**ACTIVITY:** Retype the whole listing, please, keeping every line exact and dropping the pictures.

**MATERIAL PROVIDED:**
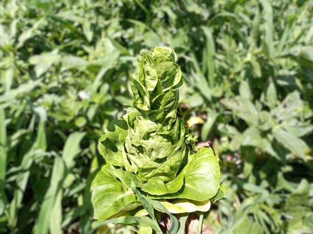 This is one of our favourite kinds of romaine. The other day these were small, perfectly formed round heads. Now they have stretched tall & lean due to the heat. We will leave them in the field for the groundhogs to enjoy.
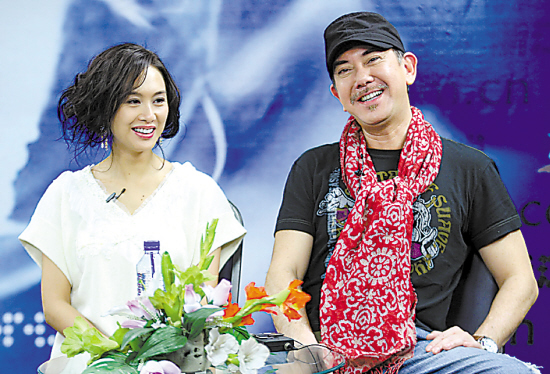 美麗的朱茵顯得很正式,她緊閉雙腿,端端正正地坐在座位上。黃秋生則很是放松,雙腿叉開,庸懶地坐在座位上,不時用自己的大拇指捺一捺自己嘴唇上的性感胡子。他這個樣子與上午影迷見面會上的表現倒是很像。當時,黃秋生蹺著二郎腿,雙手隨意地放在一條腿上,左手手腕上的手表白閃閃地對著眾影迷的眼睛。再加上他一副不茍言笑、若有所思的樣子,不知道原委的人還以為他在為某知名手表拍廣告片呢。
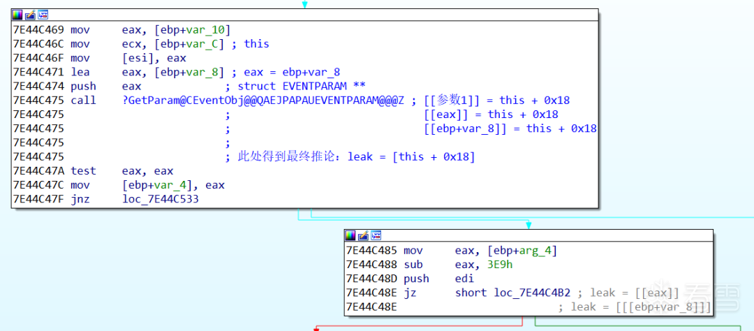 回到调用 GetParam@CEventObj 函数处,可以轻松推导出 [[eax]] = this + 0x18,结合之前的推论 leak = [[[ebp + var_8]]],可得到最终推论 leak = [this+0x18]。
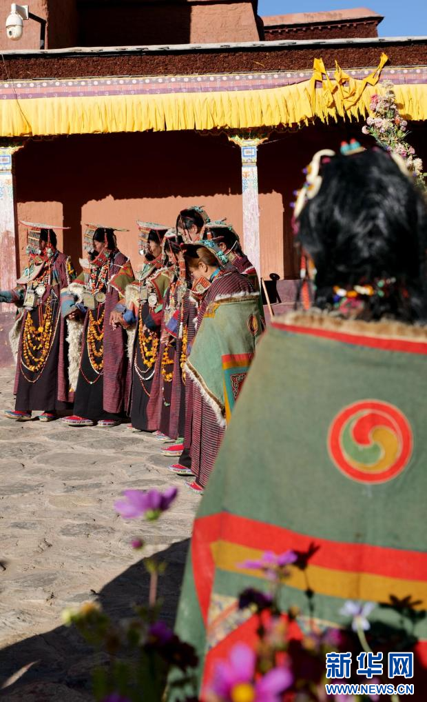 图为身穿普兰服饰的科迦村村民在表演宣舞(9月23日摄)。新华网 柑丹鸯琦 摄
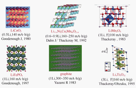 商業鋰離子電池正負極材料的示意圖、主要發明人、發明時間

**EXERCISE OUTPUT:**
 This is one of our favourite kinds of romaine. The other day these were small, perfectly formed round heads. Now they have stretched tall & lean due to the heat. We will leave them in the field for the groundhogs to enjoy.
 美麗的朱茵顯得很正式,她緊閉雙腿,端端正正地坐在座位上。黃秋生則很是放松,雙腿叉開,庸懶地坐在座位上,不時用自己的大拇指捺一捺自己嘴唇上的性感胡子。他這個樣子與上午影迷見面會上的表現倒是很像。當時,黃秋生蹺著二郎腿,雙手隨意地放在一條腿上,左手手腕上的手表白閃閃地對著眾影迷的眼睛。再加上他一副不茍言笑、若有所思的樣子,不知道原委的人還以為他在為某知名手表拍廣告片呢。
 回到调用 GetParam@CEventObj 函数处,可以轻松推导出 [[eax]] = this + 0x18,结合之前的推论 leak = [[[ebp + var_8]]],可得到最终推论 leak = [this+0x18]。
 图为身穿普兰服饰的科迦村村民在表演宣舞(9月23日摄)。新华网 柑丹鸯琦 摄
 商業鋰離子電池正負極材料的示意圖、主要發明人、發明時間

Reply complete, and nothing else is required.